[DATA EXCERPT — start]

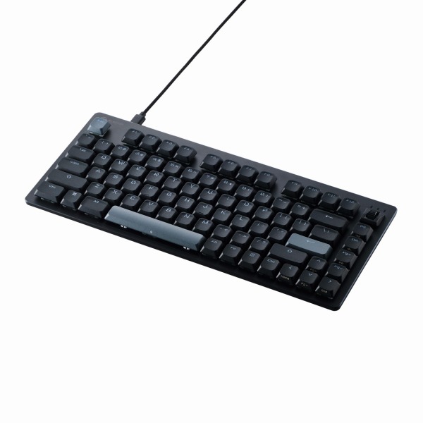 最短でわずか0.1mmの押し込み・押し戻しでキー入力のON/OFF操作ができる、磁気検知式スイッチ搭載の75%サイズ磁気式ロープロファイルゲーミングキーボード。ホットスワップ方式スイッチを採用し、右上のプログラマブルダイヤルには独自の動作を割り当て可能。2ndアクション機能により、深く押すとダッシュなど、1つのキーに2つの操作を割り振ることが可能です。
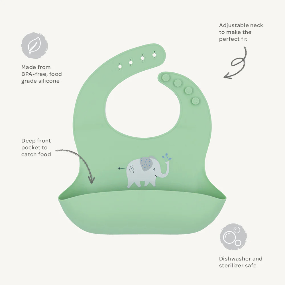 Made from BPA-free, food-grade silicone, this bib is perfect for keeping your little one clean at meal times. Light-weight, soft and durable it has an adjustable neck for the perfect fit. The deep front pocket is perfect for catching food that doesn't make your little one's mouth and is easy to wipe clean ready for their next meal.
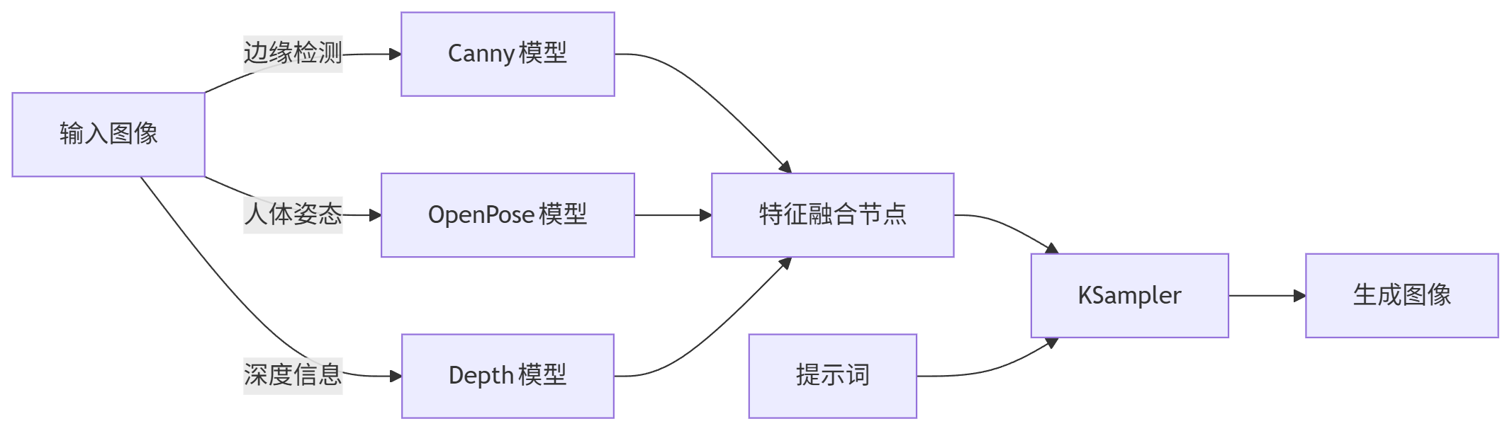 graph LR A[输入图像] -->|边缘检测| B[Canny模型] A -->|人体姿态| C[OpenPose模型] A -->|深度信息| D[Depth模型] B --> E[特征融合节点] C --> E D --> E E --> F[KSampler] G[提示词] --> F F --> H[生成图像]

[DATA EXCERPT — finish]

### INSTRUCTIONS TO FOLLOW
Give the listing above again exactly, minus any images.

### RESPONSE TO THE EXERCISE
 最短でわずか0.1mmの押し込み・押し戻しでキー入力のON/OFF操作ができる、磁気検知式スイッチ搭載の75%サイズ磁気式ロープロファイルゲーミングキーボード。ホットスワップ方式スイッチを採用し、右上のプログラマブルダイヤルには独自の動作を割り当て可能。2ndアクション機能により、深く押すとダッシュなど、1つのキーに2つの操作を割り振ることが可能です。
 Made from BPA-free, food-grade silicone, this bib is perfect for keeping your little one clean at meal times. Light-weight, soft and durable it has an adjustable neck for the perfect fit. The deep front pocket is perfect for catching food that doesn't make your little one's mouth and is easy to wipe clean ready for their next meal.
 graph LR A[输入图像] -->|边缘检测| B[Canny模型] A -->|人体姿态| C[OpenPose模型] A -->|深度信息| D[Depth模型] B --> E[特征融合节点] C --> E D --> E E --> F[KSampler] G[提示词] --> F F --> H[生成图像]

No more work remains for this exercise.